15.          Neither parent has a right to remain in the UK. The issue is whether it is reasonable to expect the children to accompany their parents to their country of origin.

16.          The medical conditions of the children do not reach the threshold required to succeed on health grounds alone (and, realistically, there was no submission to that effect).

17.          The appellant insists that the children are at serious health risk, but vaguely, without specification of evidence in support. The children received treatment while they were in Nigeria. Their doctors here are experts in their care, but they are not experts in availability of medication and treatment in Nigeria. The most recent and accurate information is that cited by the respondent in the decision letter, in the rule 24 response dated 26 June 2020, and in submissions. Although medical care for the population as a whole is not to the same general standard as in the UK, the care available to the appellants' children in Nigeria, on the evidence cited by the respondent, is adequate.

18.          The children are doing well here. With their parents, there is no reason to think that they will not adapt and thrive in Nigeria. Their parents are well educated and caring. They will seek to maximise their children's wellbeing and opportunities. The children will be among the more advantaged section of the Nigerian population.

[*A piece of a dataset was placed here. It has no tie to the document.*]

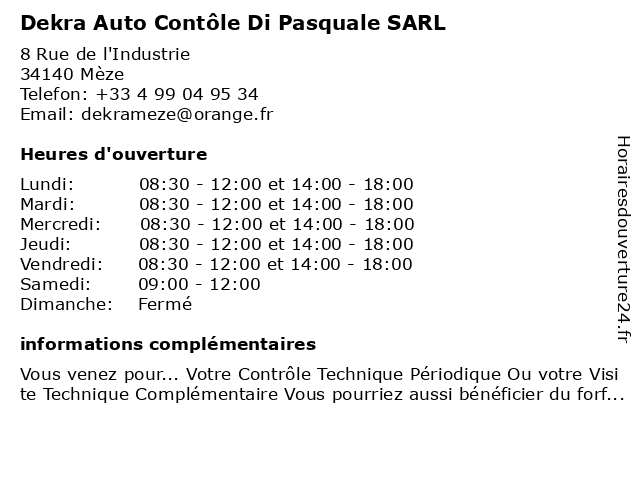 1 Centre contrôle technique DEKRA (Distance: 0,00 km) 8 Rue de l'Industrie, 34140 Mèze 4x4, camping car, centre, collection, contrôle, dekra, diesel, electrique, essence, gazole, suv, technique, utilitaire, voiture 2 Dekra (Distance: 6,20 km) 130 Chemin De La Catonniere, 34540 Balaruc Le Vieux automobile, dekra, services, technique 3 Norisko Auto Contrôle Di Pasquale (Distance: 8,81 km) 30 Impasse des Lauriers, 34560 Poussan auto, contrôle, di, norisko, pasquale 4 Dekra (Distance: 9,30 km) . Route De Sète, 34540 Balaruc-Les-Bains automobile, dekra, services, technique 5 Nathalie Di Pirro - Sophrologue (Distance: 9,92 km) 4 rue des Sophoras, 34540 Balaruc-les-Bains di, nathalie, pirro, sante, soins, sophrologie, sophrologue 6 Centre d’examen du code de la route - DEKRA (Distance: 10,15 km) 9 rue Jules Valles, 34200 SETE centre, code, cours, de, dekra, du, d’examen, examens, formation, la, permis, route |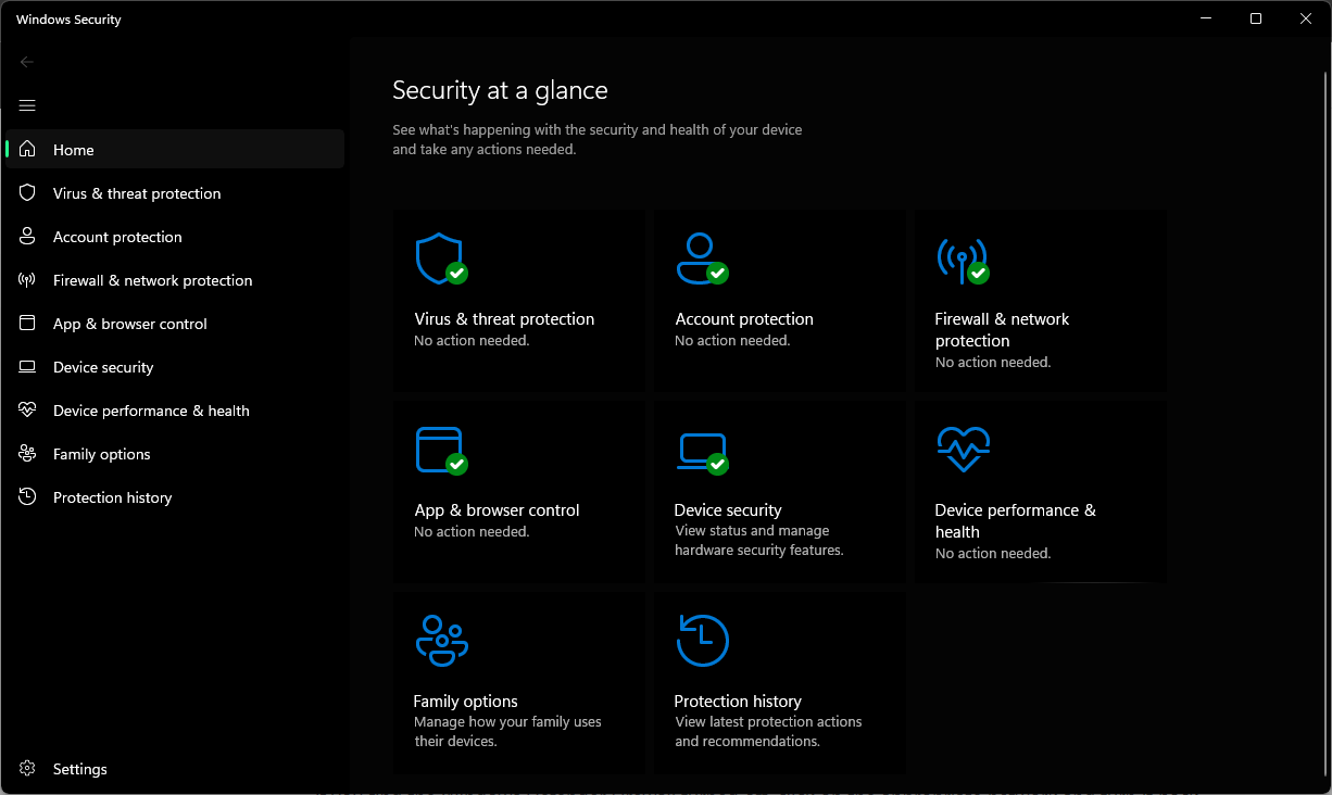 - In the Windows Security window, you’ll find various options for virus & threat protection, firewall & network protection, and more.

19.          The appellant has quoted much law, not all of it entirely accurate, but she has not specified any evidence by which it is less than reasonable to expect her children to remove to Nigeria.

20.          The decision of the FtT has been set aside. The decision substituted is that the appeal, as brought to the FtT, is dismissed.

21.          No anonymity direction has been requested or made.

 

 

7 August 2020

UT Judge Macleman

 

 

 

NOTIFICATION OF APPEAL RIGHTS

1. A person seeking permission to appeal against this decision must make a written application to the Upper Tribunal. Any such application must be received by the Upper Tribunal within the appropriate period after this decision was sent to the person making the application. The appropriate period varies, as follows, according to the location of the individual and the way in which the Upper Tribunal's decision was sent:

2. Where the person who appealed to the First-tier Tribunal is in the United Kingdom at the time that the application for permission to appeal is made, and is not in detention under the Immigration Acts, the appropriate period is 12 working days (10 working days, if the notice of decision is sent electronically).

3. Where the person making the application is in detention under the Immigration Acts , the appropriate period is 7 working days (5 working days, if the notice of decision is sent electronically).

4. Where the person who appealed to the First-tier Tribunal is outside the United Kingdom at the time that the application for permission to appeal is made, the appropriate period is 38 days (10 working days, if the notice of decision is sent electronically).

5. A "working day" means any day except a Saturday or a Sunday, Christmas Day, Good Friday or a bank holiday.

6. The date when the decision is "sent' is that appearing on the covering letter or covering email.